Friday, November 18, 2005

Eighty is the Loneliest Number That You Ever Knew

Brian Pilnick sent me a link to an interesting article over at Next Generation about the economics of game publishing. It's interesting both for what it says and what it doesn't say.

Here's the link:

This study was conducted by Screen Digest, and it's caused quite a stir. Everyone seems to be marginally freaking out about this:
A new report on the risks involved in game publishing and development has been released suggesting that, in the next generation, as few as 80 games a year will turn a profit.

They go from that assumption to argue that increasing development costs (according to them, from $3-$6 million to $6-$10 million) will rise faster than game sales.
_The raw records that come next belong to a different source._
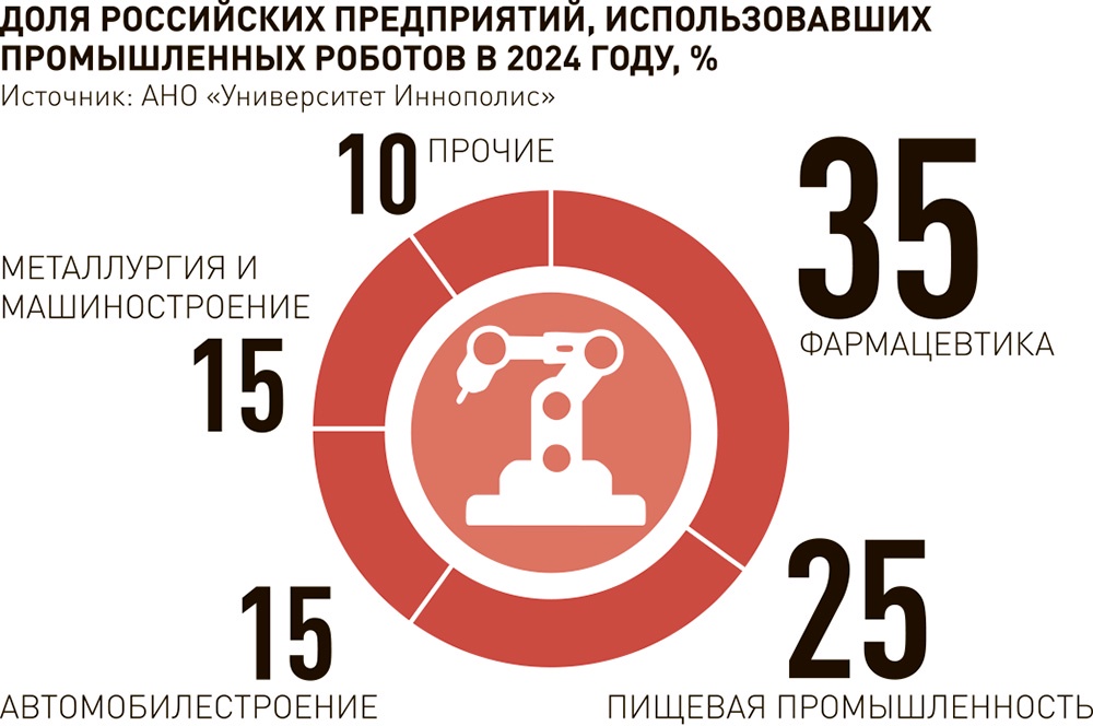 Больше всего роботов в России используется в фармацевтике, их применяет около 35 процентов всех производств, в пищевой промышленности - 25 процентов компаний, в автомобилестроении и машиностроении - 15 процентов предприятий.
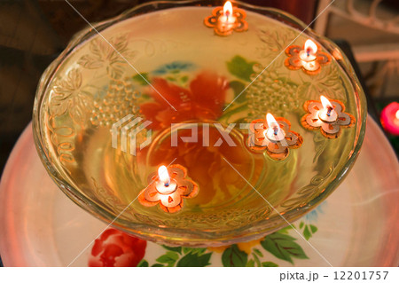 マレーシア マラッカの寺院の花びらの形の灯明 ろうそく
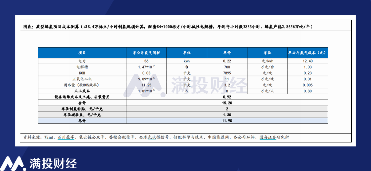 从电价角度来看,根据国海证券测算,使用电解槽制氢、煤炭制氢的发电/煤炭成本分别占总成本比重的66%、70%,依旧处于较高的比例。以风光耦合制氢项目为例,国海证券估算单位制氢成本在15.20元/千克,成本仍有进一步下降的需求。
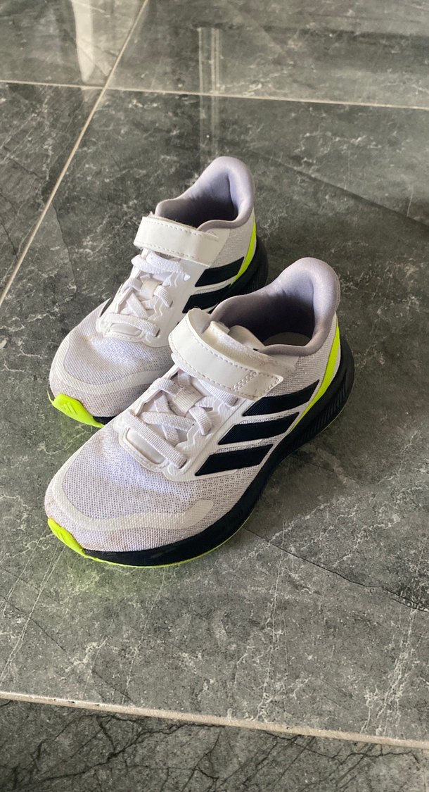 Beyaz, gri ve neon detaylı baskılı erkek çocuk spor ayakkabısı, cırtlı ve kauçuk tabanlıdır. Trendy casual sokak stili için uygundur. 30 numara iki kere giyildi gayet temiz ve orjinal
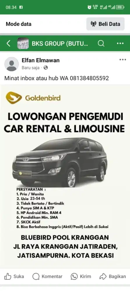 Persyaratan: 1. usia 23-55 Tahun 2. memiliki sim a aktif 3. hp android minimal ram 3gb 4. tdk bertatto/tindik 5. memiliki ktp 6. memiliki minimal ijazah SD Benefit: -bonus harian dan bulanan -tersedia mess kapasitas besar -tunjangan pensiun -fasilitas kesehatan -beasiswa anak Lokasi: Jl. Raya Kranggan, RT.003/RW.006, Jatiraden, Kec. Jatisampurna, Kota Bks, Jawa Barat 17432
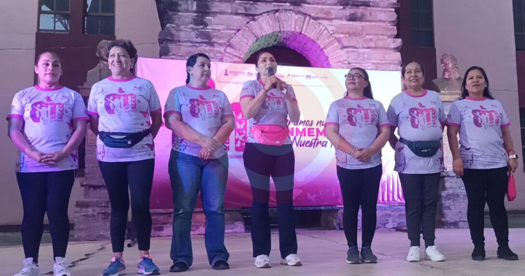 Durante la jornada, la Plaza del Reloj se llenó de entusiasmo, color y movimiento, en un ambiente de unión entre las asistentes, quienes disfrutaron de esta actividad deportiva organizada en el marco del Día Internacional de la Mujer.

That certainly sounds serious, and it's not dissimilar to topics I've written about before concerning the brutal competition in the game industry, but in this case, it's much less than it appears. For one, this is essentially a press release masquerading as a news story. It both summarizes the report and makes it sound terribly important at the same time. Oh, and if you wanted to purchase that report, it's going to cost you a whopping $3,160. It's as close to a free advertisement as anyone could possibly get.

Next Generation did contact the author of the study for a quote to wrap everything up. Here it is:
The author of the report, Marc de Gentile-Williams, said, "At 30 years of age, the games industry still suffers from an endemic lack of professional management compared to less mature industries such as the mobile telephony and the internet industries. The high number of bankruptcies - despite favorable market conditions - is testament to this fact. Games companies must complement their formidable creative and technological achievements with strong business planning and analysis in order to reap the benefits of the next phase of console market growth."

Hmm. "strong business planning" and "analysis." I wonder what kind of fee-based professional services Screen Digest offers? Well, according to their website, they offer (among others)
--"New technology impact assessment"
--"New market pre-entry studies"
--"Corporate strategy work"

Damn, those sound like they could all fit into the category "business planning and analysis." How convenient is that?